(What needs to be done) Repeat all the lines below exactly, but omit the pictures.
---------- Dataset extract
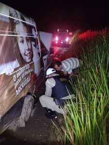 Militares percebeu que o motorista estava sozinho em meio a escuridão da rodovia tentando trocar o pneu então pararam a viatura e foram informados pelo condutor que o macaco que ele possuía estava danificado e não conseguiria fazer a troca do pneu.
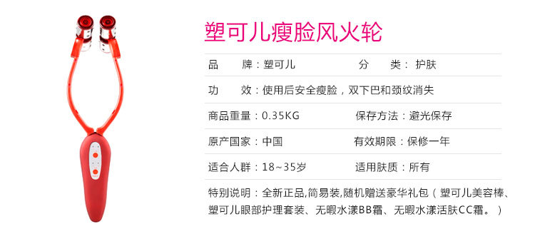 配置: 禮盒套裝 (瘦臉風(fēng)火輪、贈(zèng)品美顏棒、眼霜2盒)
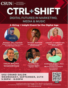 You are warmly invited to CTRL + SHIFT: Digital Futures in Marketing, Media & Music, an inspiring evening of insight and connection at California State University, Northridge.
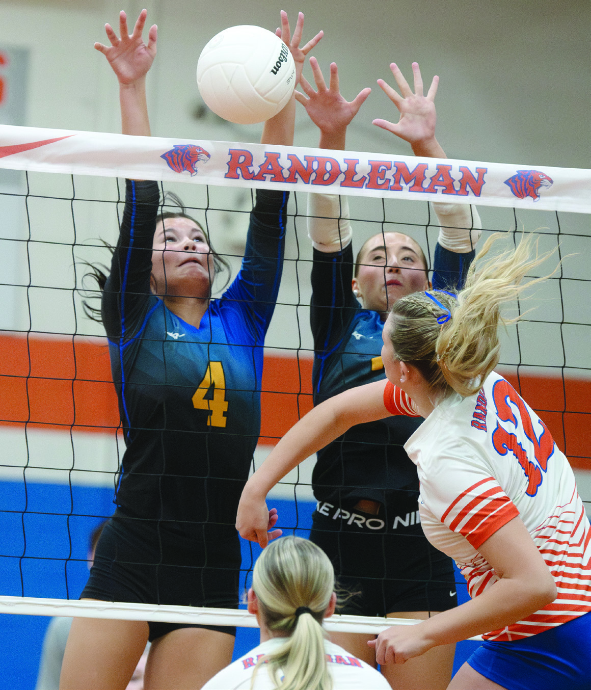 Southwestern Randolph defenders block a return as the Cougars got off to a fast start with a first-set victory. But RHS adjusted and won the next three sets. (Photo: Eric Abernathy / Randolph Hub)
--------------------
(Result of the task)
 Militares percebeu que o motorista estava sozinho em meio a escuridão da rodovia tentando trocar o pneu então pararam a viatura e foram informados pelo condutor que o macaco que ele possuía estava danificado e não conseguiria fazer a troca do pneu.
 配置: 禮盒套裝 (瘦臉風(fēng)火輪、贈(zèng)品美顏棒、眼霜2盒)
 You are warmly invited to CTRL + SHIFT: Digital Futures in Marketing, Media & Music, an inspiring evening of insight and connection at California State University, Northridge.
 Southwestern Randolph defenders block a return as the Cougars got off to a fast start with a first-set victory. But RHS adjusted and won the next three sets. (Photo: Eric Abernathy / Randolph Hub)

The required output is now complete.